West Texas Intermediate crude for October delivery rose $1.18 to close at US$105.03 a barrel on the New York Mercantile Exchange.
Crude had fallen US$3.61 a barrel, or 3.6 per cent, over the first three days of the week, mostly due to expectations that the U.S. Federal Reserve will start phasing out its monetary stimulus, possibly starting next month. The manufacturing data overrode those concerns, at least for a day.
The eurozone's purchasing managers' index, a key gauge of growth in both the manufacturing and services sectors, rose to 51.7 points in August from 50.4 in July, according to financial information company Markit. It was the highest reading since June 2011 and supported expectations that the eurozone's recovery from recession is gaining momentum.

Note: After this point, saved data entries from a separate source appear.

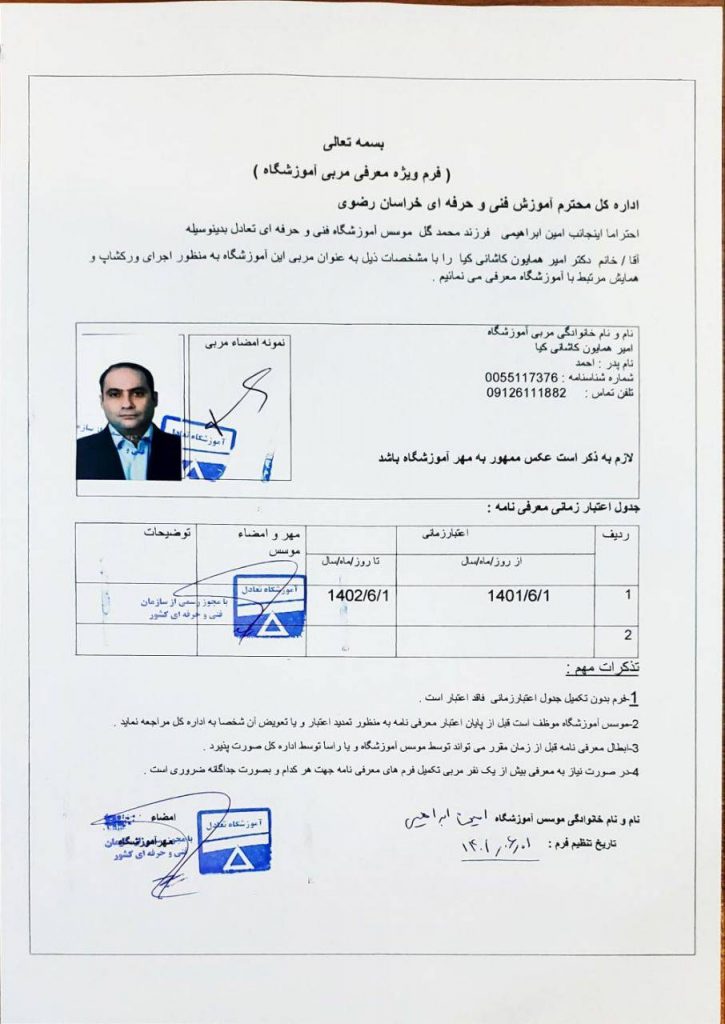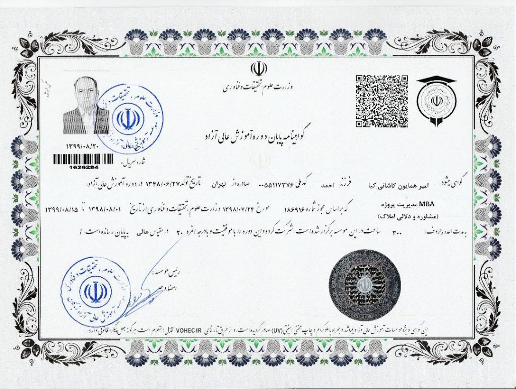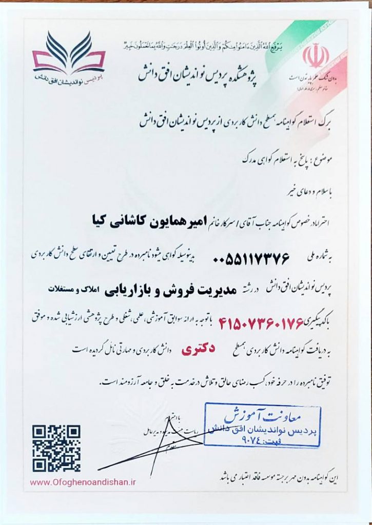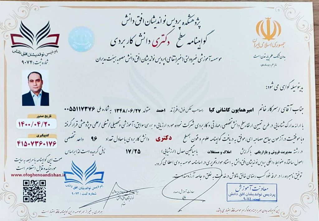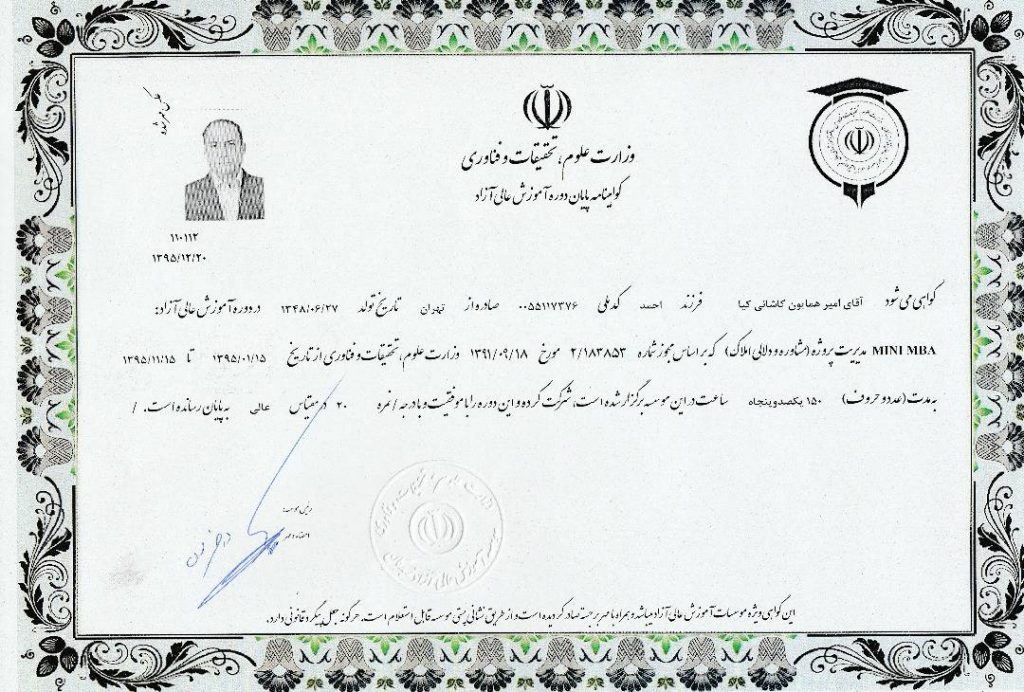 • صدور مدارک فنی حرفه ای و بین المللی املاک
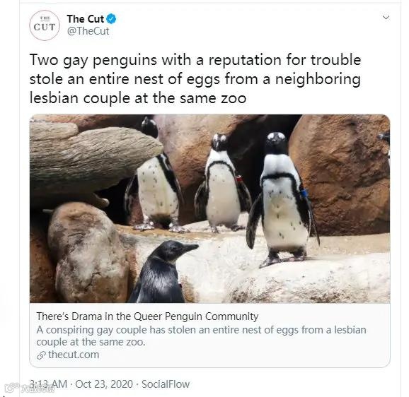 10月27日,据《每日邮报》报道,荷兰阿默斯福特Dierenpark动物园,两只同性恋公企鹅偷了一对异性企鹅夫妇的蛋。它们轮流看守并试图自己孵出来,变相领养一个宝宝,成就“一家三口”的和美生活。
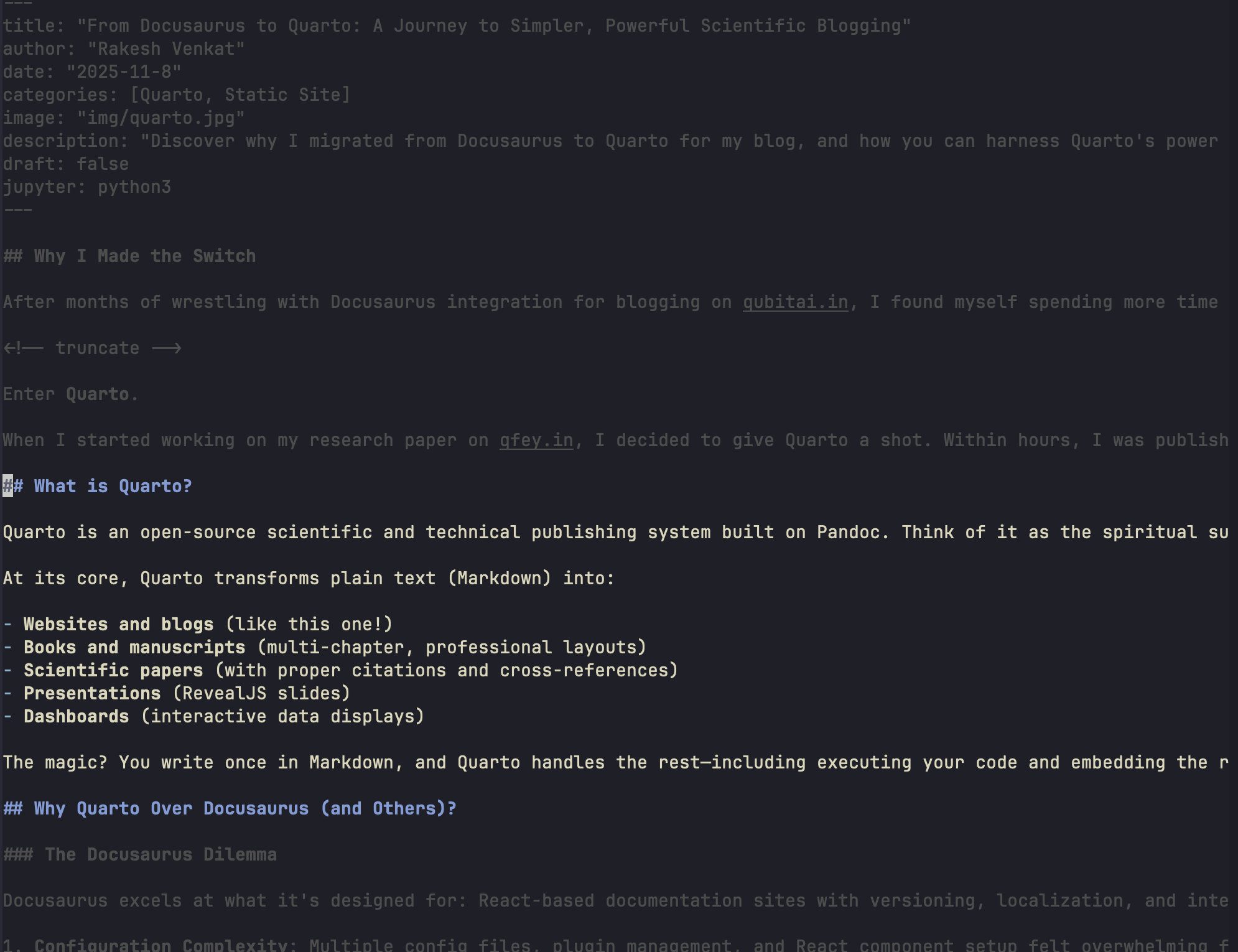 Switching from Docusaurus to Quarto was one of the best decisions for my technical blog. The simplicity, power, and focus on scientific publishing transformed my workflow. I spend less time fighting with configurations and more time creating content.
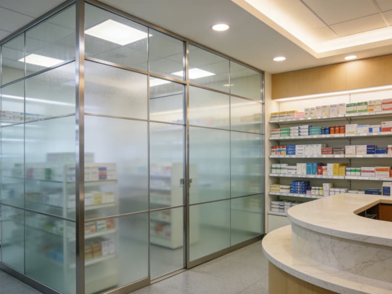 藥房采用半通透的玻璃隔斷,內(nèi)部陳設(shè)整齊有序,取藥臺(tái)高度貼合人體工學(xué),溫和的燈光讓藥品陳列既清晰又不刺眼。
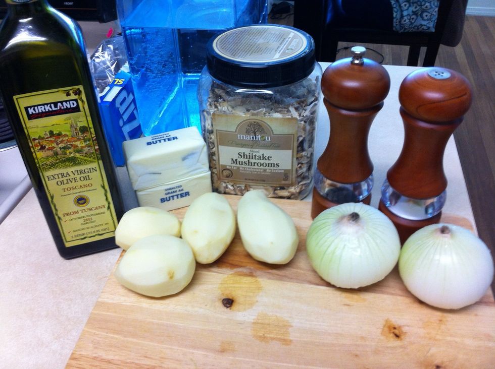 chop the potatoes and put in a pot with water. cooking. chop the onion.melt the butter and add the olive oil.
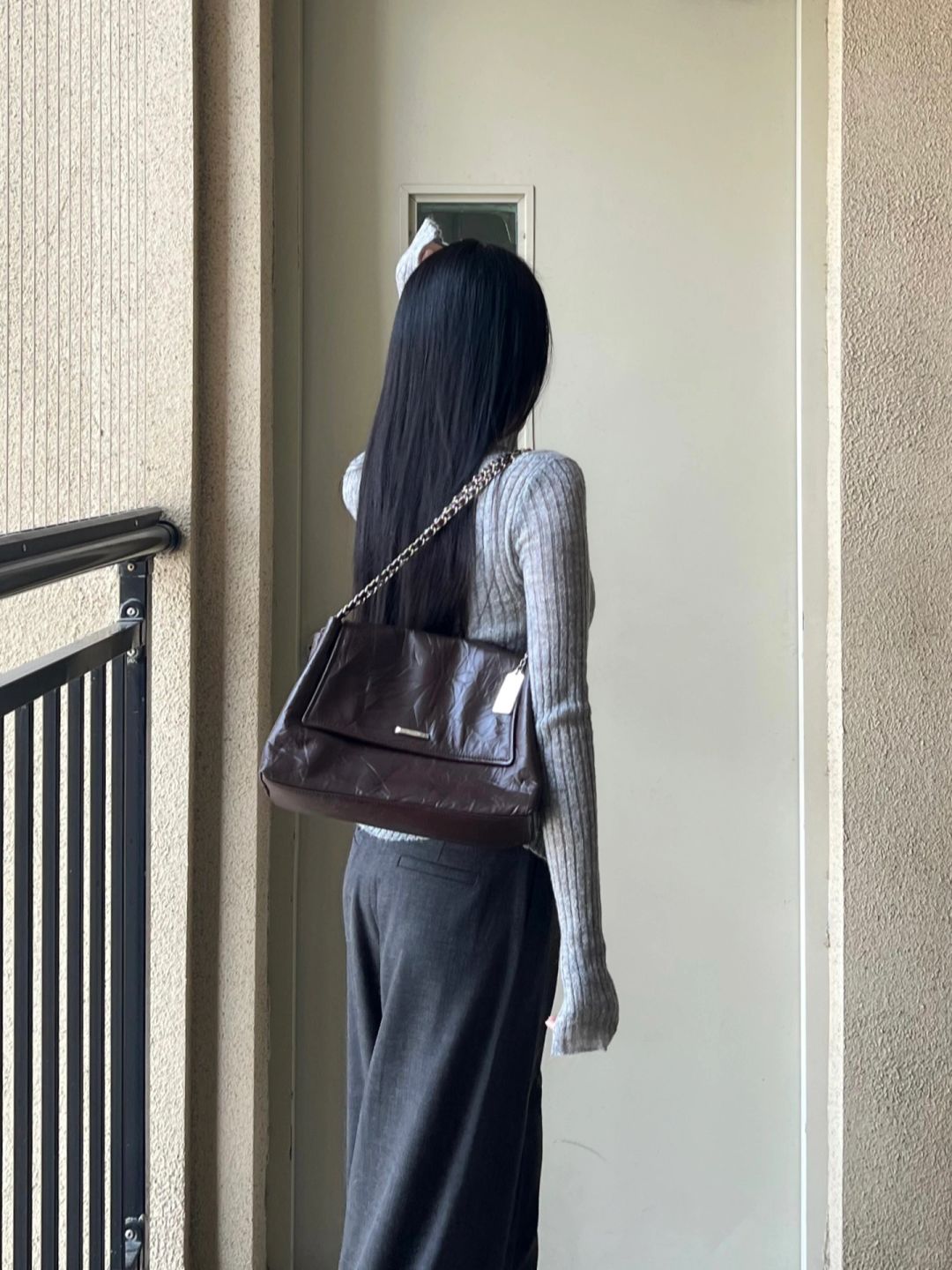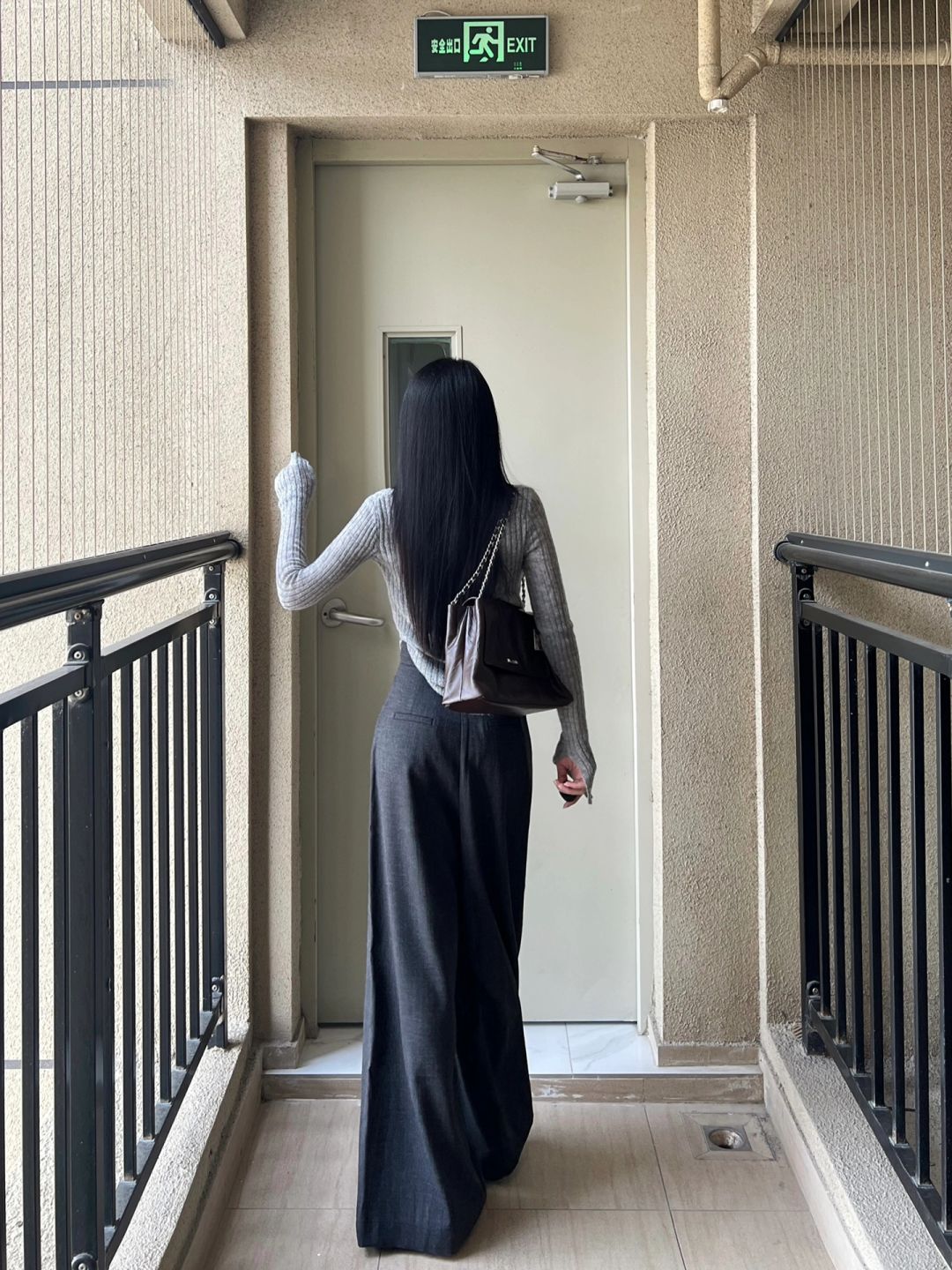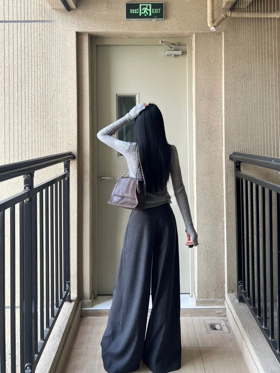 拖地西裤和灰色针织上衣
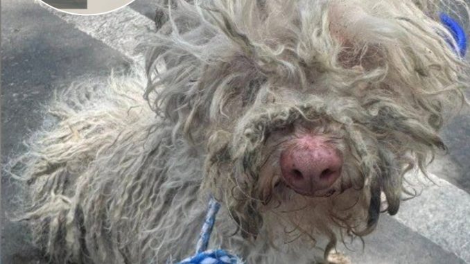 The dog, later identified as Bella, was frightened and hesitant. Her fur was severely matted, and her behavior suggested she had been navigating the streets alone for some time. Approaching her required patience, calmness, and persistence.
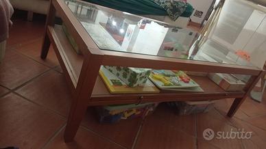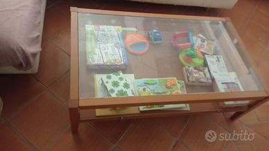 Tavolino basso moderno da salotto in vetro e legno con cassetto contenitore estraibile da entrambi i lati. Misure 120 X 70

As for China, HSBC Corp. said the preliminary version of its monthly purchasing managers index for Chinese manufacturing rose to 50.1 for August, a sharp improvement from July's figure of 47.7.
Elsewhere, North Sea Brent, the benchmark for international crudes, rose nine cents to US$109.90 a barrel on the ICE Futures exchange in London.
In other energy futures trading on Nymex, heating oil slipped one cent to US$3.07 a U.S. gallon (3.79 litres), wholesale gasoline gained three cents to US$2.96 a gallon and natural gas rose nine cents to US$3.55 per 1,000 cubic feet.